• PROBLEM REQUIREMENTS:
Transcribe the entries below word for word, beginning at the line with "9. You are now" and stopping after the line with "قلت -[القائل هو"; drop all pictures.

• PROVIDED ENTRIES:
-=-=-

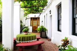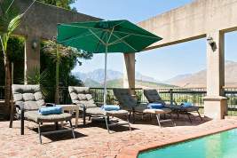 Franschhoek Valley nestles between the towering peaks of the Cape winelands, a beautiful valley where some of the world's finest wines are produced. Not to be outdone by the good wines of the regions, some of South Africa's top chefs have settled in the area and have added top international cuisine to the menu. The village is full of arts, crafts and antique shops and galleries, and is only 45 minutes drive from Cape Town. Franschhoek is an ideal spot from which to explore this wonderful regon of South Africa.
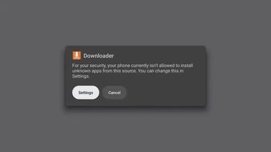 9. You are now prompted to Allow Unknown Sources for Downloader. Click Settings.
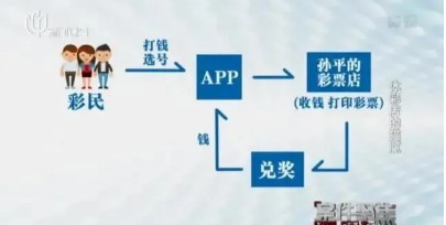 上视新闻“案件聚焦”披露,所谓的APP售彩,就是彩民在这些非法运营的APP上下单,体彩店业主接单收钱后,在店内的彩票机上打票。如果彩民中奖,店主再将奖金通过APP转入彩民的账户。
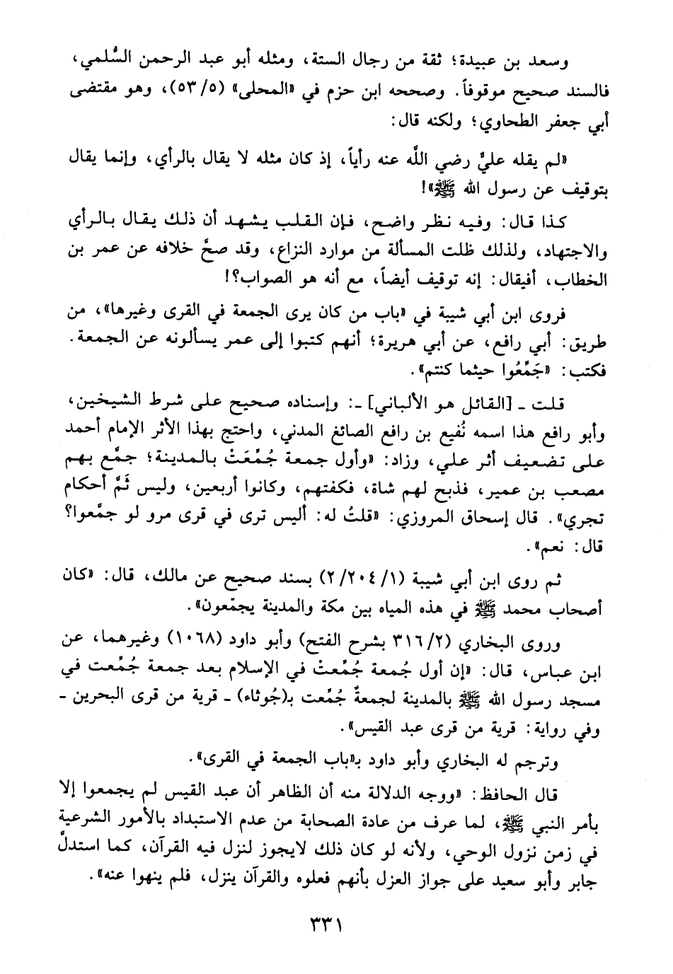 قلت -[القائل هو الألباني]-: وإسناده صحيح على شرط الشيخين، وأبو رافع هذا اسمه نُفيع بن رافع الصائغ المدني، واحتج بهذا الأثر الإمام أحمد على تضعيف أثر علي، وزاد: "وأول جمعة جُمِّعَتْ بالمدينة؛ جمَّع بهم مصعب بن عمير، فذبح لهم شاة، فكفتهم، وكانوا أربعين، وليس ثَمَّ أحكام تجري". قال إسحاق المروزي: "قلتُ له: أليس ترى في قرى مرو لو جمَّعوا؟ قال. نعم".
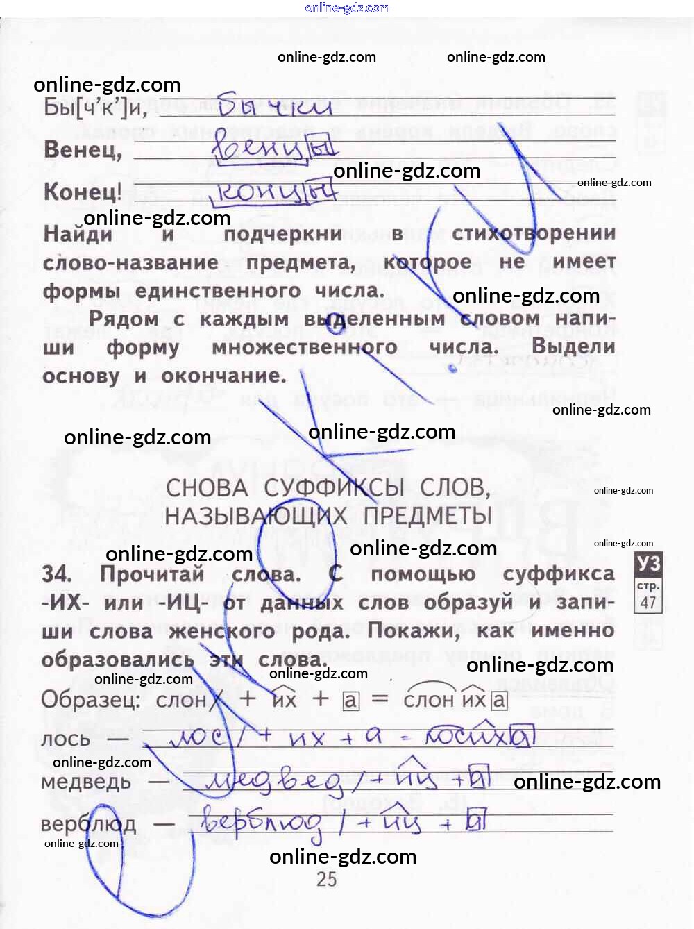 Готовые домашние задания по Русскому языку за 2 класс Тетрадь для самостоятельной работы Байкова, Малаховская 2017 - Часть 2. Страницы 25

-=-=-

• RESULT FOR THIS EXERCISE:
 9. You are now prompted to Allow Unknown Sources for Downloader. Click Settings.
 上视新闻“案件聚焦”披露,所谓的APP售彩,就是彩民在这些非法运营的APP上下单,体彩店业主接单收钱后,在店内的彩票机上打票。如果彩民中奖,店主再将奖金通过APP转入彩民的账户。
 قلت -[القائل هو الألباني]-: وإسناده صحيح على شرط الشيخين، وأبو رافع هذا اسمه نُفيع بن رافع الصائغ المدني، واحتج بهذا الأثر الإمام أحمد على تضعيف أثر علي، وزاد: "وأول جمعة جُمِّعَتْ بالمدينة؛ جمَّع بهم مصعب بن عمير، فذبح لهم شاة، فكفتهم، وكانوا أربعين، وليس ثَمَّ أحكام تجري". قال إسحاق المروزي: "قلتُ له: أليس ترى في قرى مرو لو جمَّعوا؟ قال. نعم".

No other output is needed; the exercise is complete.